Lula vai a Washington em março para encontro com Trump
Presidente falou em conversa "olho no olho" entre chefes de estado; petista telefonou para Macron para falar sobre Conselho da Paz
PUBLICAÇÃO
quarta-feira, 28 de janeiro de 2026
Presidente falou em conversa "olho no olho" entre chefes de estado; petista telefonou para Macron para falar sobre Conselho da Paz
Pedro Rafael Vilela - Agência Brasil 

Brasília - O presidente Luiz Inácio Lula da Silva afirmou nesta terça-feira (27) que viajará aos Estados Unidos em março para um encontro bilateral com o presidente do país, Donald Trump. A reunião ocorrerá na Casa Branca, em Washington. Lula confirmou a viagem ao chegar ao Panamá, na América Central, onde participou nesta quarta-feira (28) como convidado especial do Fórum Econômico Internacional da América Latina e Caribe, a convite do país anfitrião.
"No começo de março eu vou fazer uma viagem a Washington porque os Estados Unidos e o Brasil são as duas principais democracias do Ocidente e eu acho que dois chefes de Estado precisam conversar olhando um no olho do outro, para que a gente possa discutir as boas relações entre Brasil e Estados Unidos", disse o presidente em rápida conversa com jornalistas na chegada ao hotel na Cidade do Panamá.
"Eu estou convencido que a gente vai voltar à normalidade logo, que a gente vai fortalecer o multilateralismo e que a gente vai fazer com que as economias voltem a crescer, porque é isso que o povo espera de todos nós", acrescentou. Lula e Trump conversaram por telefone na segunda-feira e trataram de diversos assuntos, incluindo a situação na Venezuela, o plano de paz para a Faixa de Gaza e o combate ao crime organizado, de acordo com nota oficial do Palácio do Planalto.
No Panamá, Lula também foi questionado sobre a crise na Venezuela e a presença militar dos EUA no Caribe. Ele disse conversou duas vezes com a presidente interina do país, Delcy Rodríguez, ainda nos dias que se seguiram à invasão militar norte-americana, em Caracas, mas que vai ligar novamente para a sucessora de Nicolás Maduro.

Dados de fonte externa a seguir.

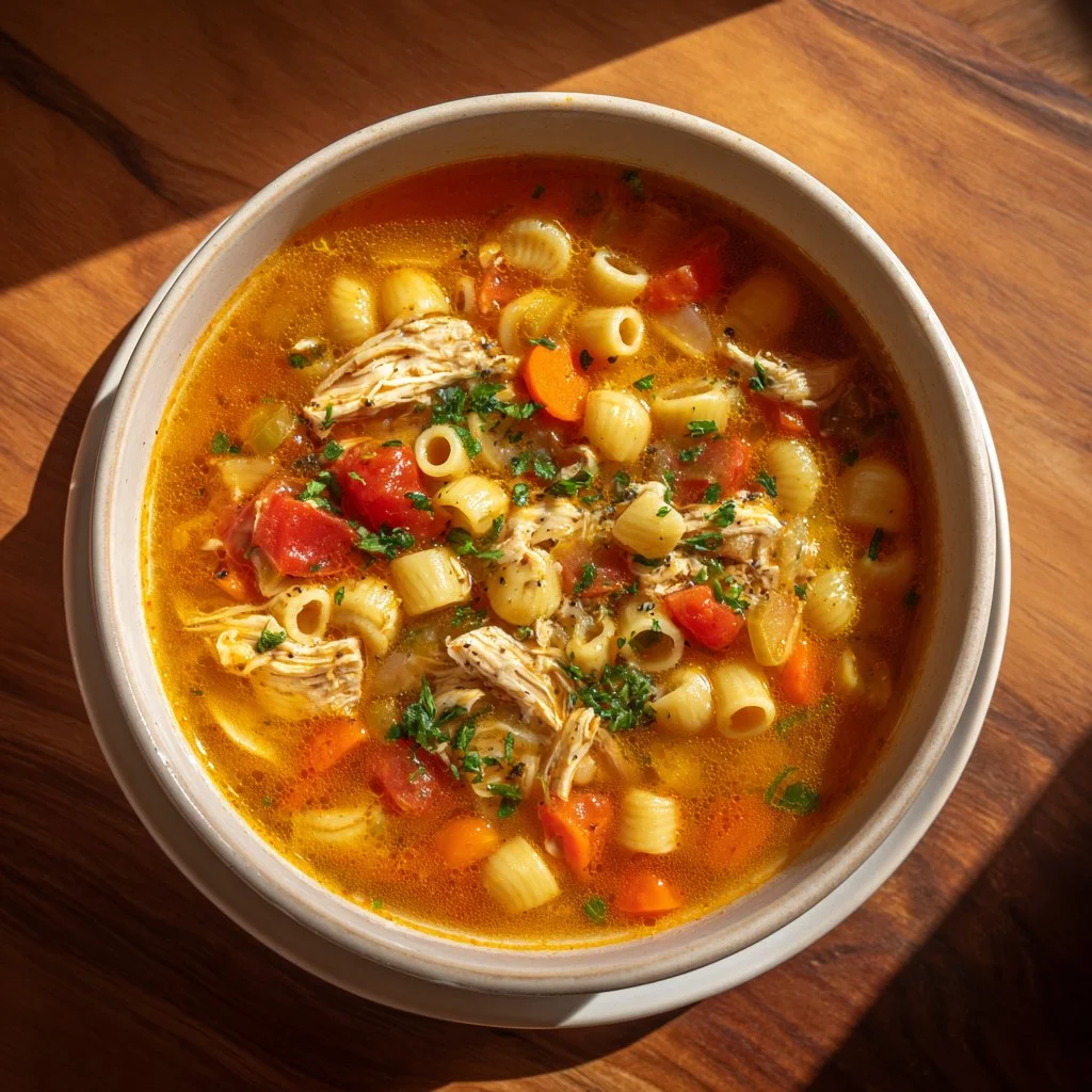 A comforting chicken soup filled with tender chicken, fresh vegetables, and savory broth that warms the soul.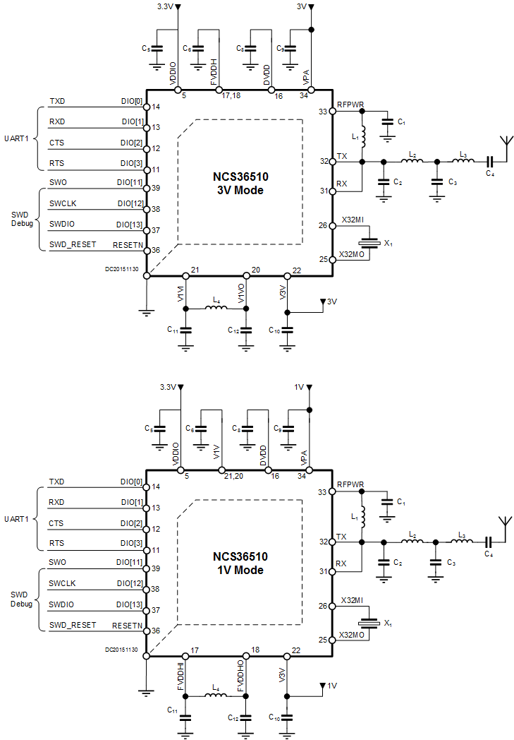 The NCS36510 is a low power, fully integrated, System on Chip that integrates a 2.4 GHz IEEE 802.15.4−2006 compliant transceiver, ARM® Cortex®−M3 microprocessor, RAM and FLASH memory, a true random number generator, and multiple peripherals to support design of a complete and secure wireless network with minimal external components.

"Eu conversei duas vezes com a presidente Delcy, mas não entrei em detalhe porque ela estava muito preocupada com os acontecimentos que era muito recente. Eu proximamente vou falar com a presidente Delcy. Eu espero que ela consiga dar conta do recado. É importante que o presidente Trump permita que a Venezuela possa cuidar da sua soberania, cuidar dos interesses democráticos da Venezuela e vamos ver o que que vai acontecer. Está tudo muito recente e eu acho que nós temos que ter um pouco de paciência porque quem vai encontrar uma solução para o povo da Venezuela é o próprio povo venezuelano", afirmou Lula.
Lula disse que vem dialogando com diferentes líderes internacionais em defesa do multilateralismo, citou a conversa que teve nesta segunda com o francês Emmanuel Macron, com o presidente do Chile, Gabriel Boric, e com o próprio Trump, no dia anterior.
CONVERSA COM MACRON
Lula e o presidente da França, Emmanuel Macron, conversaram na manhã de terça-feira (27) sobre a proposta do Conselho da Paz. O colegiado foi idealizado, criado e é presidido pelo presidente dos Estados Unidos, Donald Trump para, segundo ele, pacificar e reconstruir a Faixa de Gaza.

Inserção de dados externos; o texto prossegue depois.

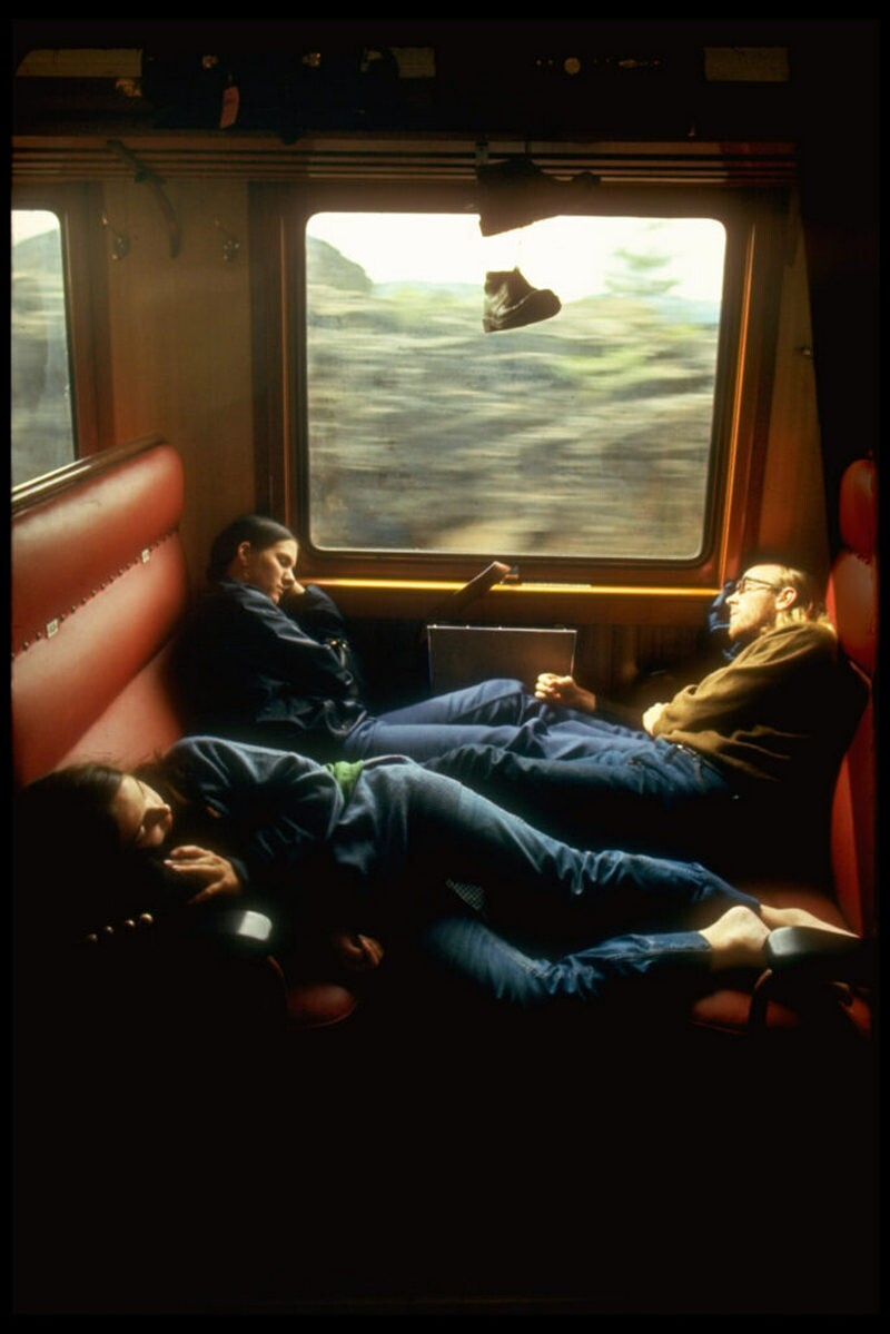 Молодые люди на его фото сидят на вокзалах или спят в вагонах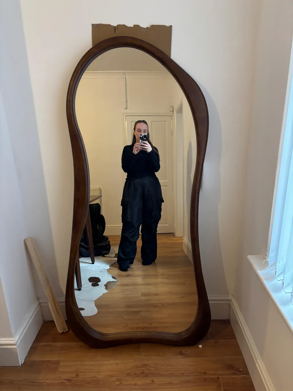Large Full Length Dark Wood Irregular Mirror 170cm x 85cm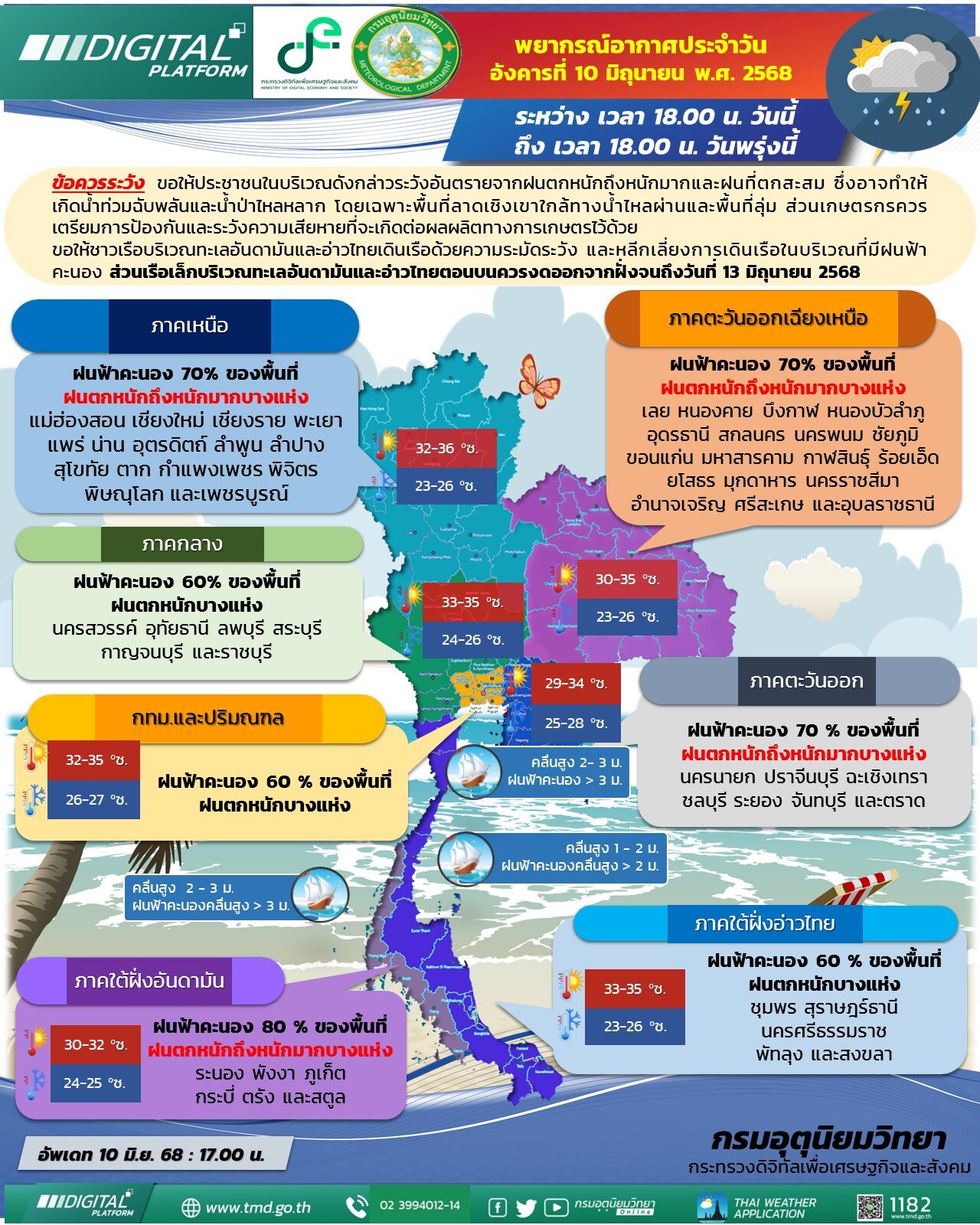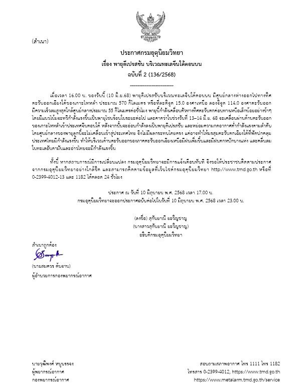 ฉบับที่ 2 ความว่า เมื่อเวลา 16.00 น. ของวันนี้ (10 มิ.ย.68) พายุดีเปรสชันบริเวณทะเลจีนใต้ตอนบน มีศูนย์กลางห่างออกไปทางทิศตะวันออกเฉียงใต้ของเกาะไหหลำ ประมาณ 570 กิโลเมตร หรือที่ละติจูด 15.0 องศาเหนือ ลองจิจูด 114.0 องศาตะวันออก มีความเร็วลมสูงสุดใกล้ศูนย์กลางประมาณ 55 กิโลเมตรต่อชั่วโมง

No telefonema, que durou cerca de 1 hora, Lula e Macron defenderam o fortalecimento da Organização das Nações Unidas (ONU) e concordaram que iniciativas em matéria de paz e segurança devem estar alinhadas aos mandatos do Conselho de Segurança e aos princípios e propósitos da Carta da ONU. O teor da conversa entre os presidentes foi divulgado pelo Palácio do Planalto.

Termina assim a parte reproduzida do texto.